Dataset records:
-- -- --

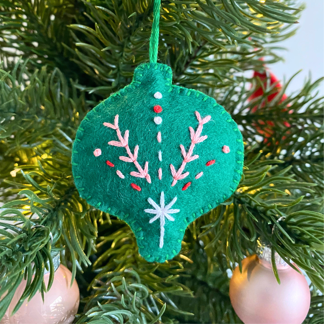 Voor de roze en de groene kerstbal gebruiken we de stiksteek en de franse knoop:
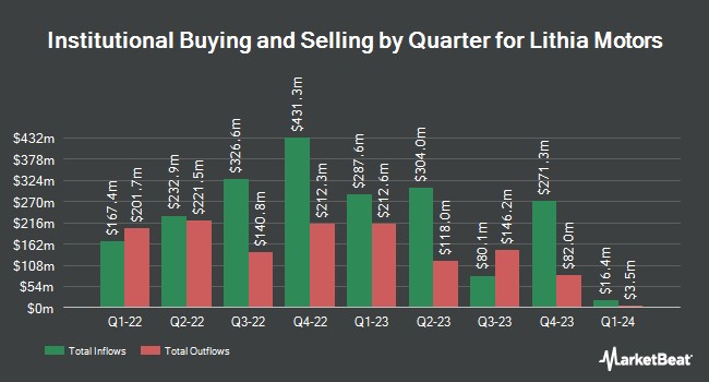 Other institutional investors and hedge funds also recently modified their holdings of the company. Bessemer Group Inc. increased its stake in shares of Lithia Motors by 114.6% during the 2nd quarter. Bessemer Group Inc. now owns 88 shares of the company's stock worth $29,000 after purchasing an additional 47 shares in the last quarter. Hantz Financial Services Inc. increased its position in Lithia Motors by 1,383.3% during the second quarter. Hantz Financial Services Inc. now owns 89 shares of the company's stock worth $30,000 after buying an additional 83 shares in the last quarter. Parallel Advisors LLC lifted its position in shares of Lithia Motors by 106.2% in the second quarter. Parallel Advisors LLC now owns 134 shares of the company's stock valued at $45,000 after acquiring an additional 69 shares in the last quarter. eCIO Inc. acquired a new stake in shares of Lithia Motors during the first quarter valued at $55,000. Finally, CWM LLC increased its position in Lithia Motors by 30.1% during the 1st quarter. CWM LLC now owns 212 shares of the company's stock worth $62,000 after purchasing an additional 49 shares in the last quarter.
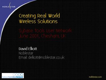 management solution is critical. - Examples Afaria, ScoutWare, Extended Connect,
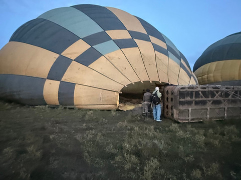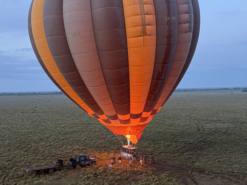 Dank unseres Guides konnten wir den Flug in der Ndutu-Region erleben – eine perfekte Wahl. Das frühe Aufstehen war es absolut wert. Schon die Fahrt am Morgen fühlte sich wie eine kleine Nacht-Safari an. Am Startplatz angekommen, konnten wir beobachten, wie es langsam hell wurde – eine ganz besondere Stimmung.
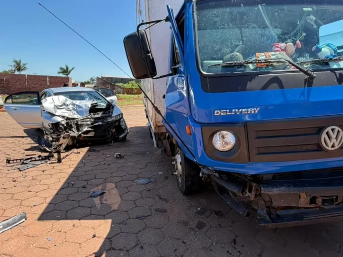 Um Honda Civic colidiu com um caminhão de carga na manhã de segunda-feira (5), no cruzamento da Rua José Antônio Vila Real com a Rua Camélia, em Bataguassu. A motorista do carro não possuía Carteira Nacional de Habilitação (CNH).
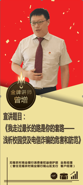 互联网的快速发展和普及,给人们生活带来极大的便利的同时,也带来许多问题。对于高校大学生,最典型的就是校园贷和电信诈骗等恶性事件,许多学生因为缺乏对相关知识及法律的了解,被不法分子钻了空子,有的甚至被骗得倾家荡产,严重影响了学生的学业和身心健康。为了让同学们深刻认识到防范电信诈骗和校园贷的重要性,加强大学生识别电信诈骗、网络诈骗知识,打击黑恶势力,防止学生人生财产安全受到侵害,在全面开展“扫黑除恶”活动之际,土木工程学院于2019年5月22日下午在7号楼118开展第九期《企业大讲堂》,此次大讲堂特邀无锡农村商业银行消费者权益保护部业务经理曾增讲师为学院大一大二年级全体同学讲述校园贷和电信诈骗相关知识,帮助同学们树立正确的价值观和消费观。

-- -- --

**Required action**
Your copy should hold only the lines from the line with "Um Honda Civic" through the end of the data above, both ends included, transcribed exactly and without pictures.

**Answer section**
 Um Honda Civic colidiu com um caminhão de carga na manhã de segunda-feira (5), no cruzamento da Rua José Antônio Vila Real com a Rua Camélia, em Bataguassu. A motorista do carro não possuía Carteira Nacional de Habilitação (CNH).
 互联网的快速发展和普及,给人们生活带来极大的便利的同时,也带来许多问题。对于高校大学生,最典型的就是校园贷和电信诈骗等恶性事件,许多学生因为缺乏对相关知识及法律的了解,被不法分子钻了空子,有的甚至被骗得倾家荡产,严重影响了学生的学业和身心健康。为了让同学们深刻认识到防范电信诈骗和校园贷的重要性,加强大学生识别电信诈骗、网络诈骗知识,打击黑恶势力,防止学生人生财产安全受到侵害,在全面开展“扫黑除恶”活动之际,土木工程学院于2019年5月22日下午在7号楼118开展第九期《企业大讲堂》,此次大讲堂特邀无锡农村商业银行消费者权益保护部业务经理曾增讲师为学院大一大二年级全体同学讲述校园贷和电信诈骗相关知识,帮助同学们树立正确的价值观和消费观。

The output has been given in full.